◆ YOUR GOAL
Each entry should be repeated exactly. Its pictures should not be.

------------------------------

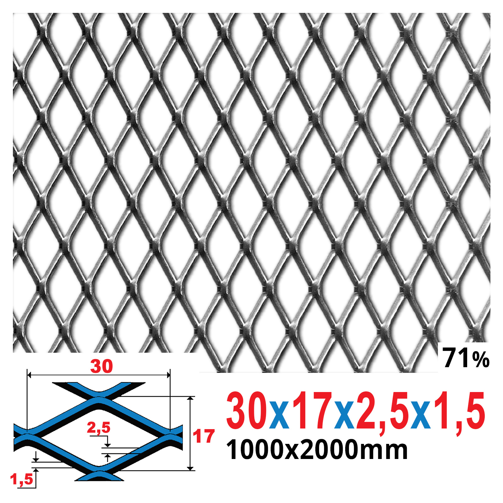 Siatka cięto-ciągniona SUROWA 30 x 17 x 2,5 x 1,5 | 1000 x 2000 mm
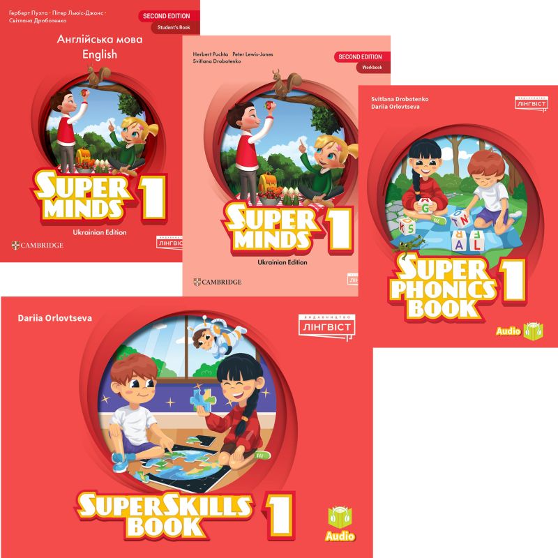 4. Super Skills Book – компонент обучающего курса Super Minds Ukrainian Edition. Пособие дает прекрасную возможность обогатить словарный запас, отработать и закрепить грамматический материал и превратить обучение в полезную игру. Разнообразные упражнения помогут научиться понимать грамматические формы и структуры в контексте. Аудиосопровождение сделает процесс обучения интересным и поможет школьникам усовершенствовать умение аудирования. А секция Games позволит обобщить знание лексического материала по темам указанного уровня. Пособие содержит материалы, полностью соответствующие учебнику Super Minds 1 Student's Book и концепции Новой Украинской Школы.
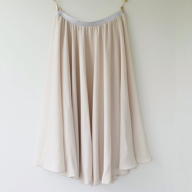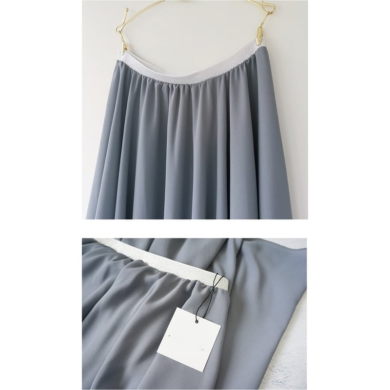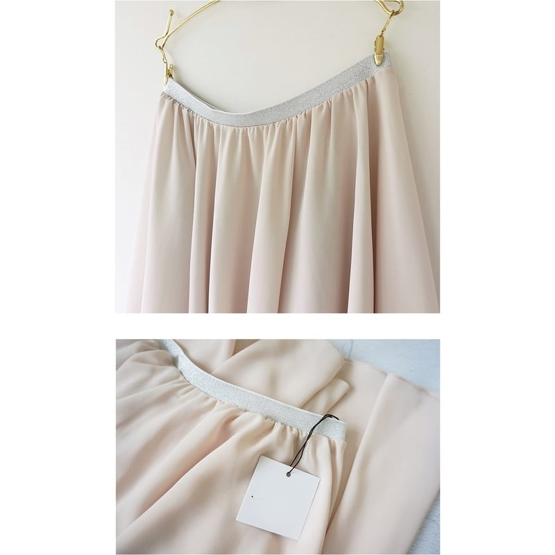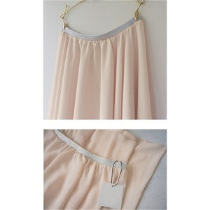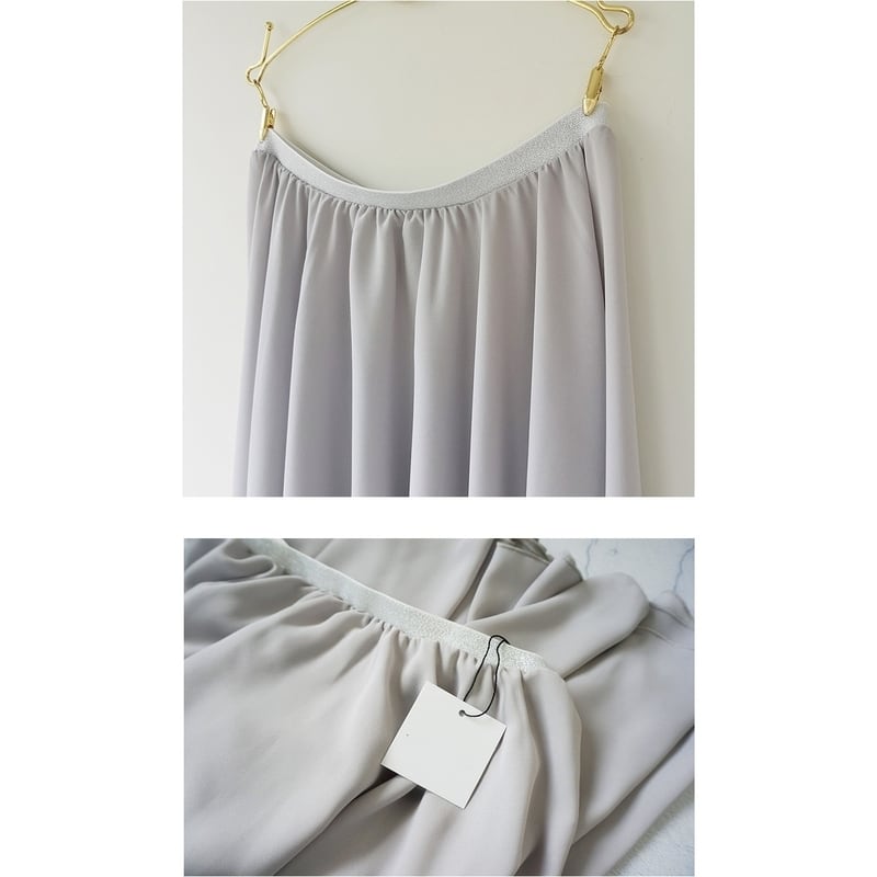 【商品管理番号】 A0177 【商品説明】 軽やかなシフォン素材を使用したウエストゴムシフォンフレアスカートは、ミディアム丈の絶妙なバランスが魅力的なアイテムです。柔らかな透け感が、女性らしさを引き立て、さりげなくエレガントな雰囲気を演出します。ウエストゴム仕様で快適な着心地を実現し、日常使いや特別な日のお出かけにもぴったりです。流れるようなフレアが美しいシルエットを作り出し、動くたびに心躍る一着となっています 【サイズ】 【FREE】 ウエスト:平置き最小28cm~最大47cm/着丈:58cm 【カラー】 ブラック ベージュ ピンク ライトグレー ダークグレー スカイブルー 【素材】 ポリエステル100%
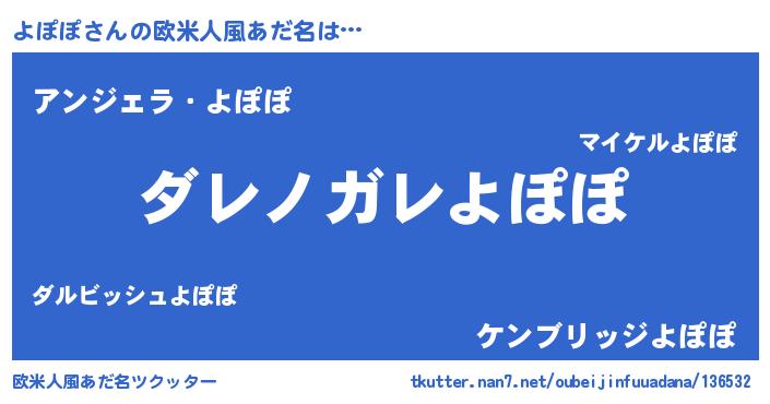 | 意味不明あだ名 | 『住所不定無職よぽぽ(2歳)』『自称よぽぽ』 |
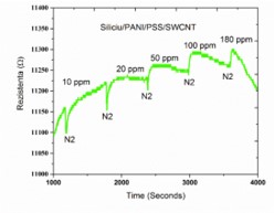 From the sensing element’s point of view, initial tests for the CO sensors functionalisation were performed, by depositing PANI (polyaniline) on the interdigitated electrodes (both on silicon and alumina substrate).

------------------------------

◆ PROBLEM SOLUTION
 Siatka cięto-ciągniona SUROWA 30 x 17 x 2,5 x 1,5 | 1000 x 2000 mm
 4. Super Skills Book – компонент обучающего курса Super Minds Ukrainian Edition. Пособие дает прекрасную возможность обогатить словарный запас, отработать и закрепить грамматический материал и превратить обучение в полезную игру. Разнообразные упражнения помогут научиться понимать грамматические формы и структуры в контексте. Аудиосопровождение сделает процесс обучения интересным и поможет школьникам усовершенствовать умение аудирования. А секция Games позволит обобщить знание лексического материала по темам указанного уровня. Пособие содержит материалы, полностью соответствующие учебнику Super Minds 1 Student's Book и концепции Новой Украинской Школы.
 【商品管理番号】 A0177 【商品説明】 軽やかなシフォン素材を使用したウエストゴムシフォンフレアスカートは、ミディアム丈の絶妙なバランスが魅力的なアイテムです。柔らかな透け感が、女性らしさを引き立て、さりげなくエレガントな雰囲気を演出します。ウエストゴム仕様で快適な着心地を実現し、日常使いや特別な日のお出かけにもぴったりです。流れるようなフレアが美しいシルエットを作り出し、動くたびに心躍る一着となっています 【サイズ】 【FREE】 ウエスト:平置き最小28cm~最大47cm/着丈:58cm 【カラー】 ブラック ベージュ ピンク ライトグレー ダークグレー スカイブルー 【素材】 ポリエステル100%
 | 意味不明あだ名 | 『住所不定無職よぽぽ(2歳)』『自称よぽぽ』 |
 From the sensing element’s point of view, initial tests for the CO sensors functionalisation were performed, by depositing PANI (polyaniline) on the interdigitated electrodes (both on silicon and alumina substrate).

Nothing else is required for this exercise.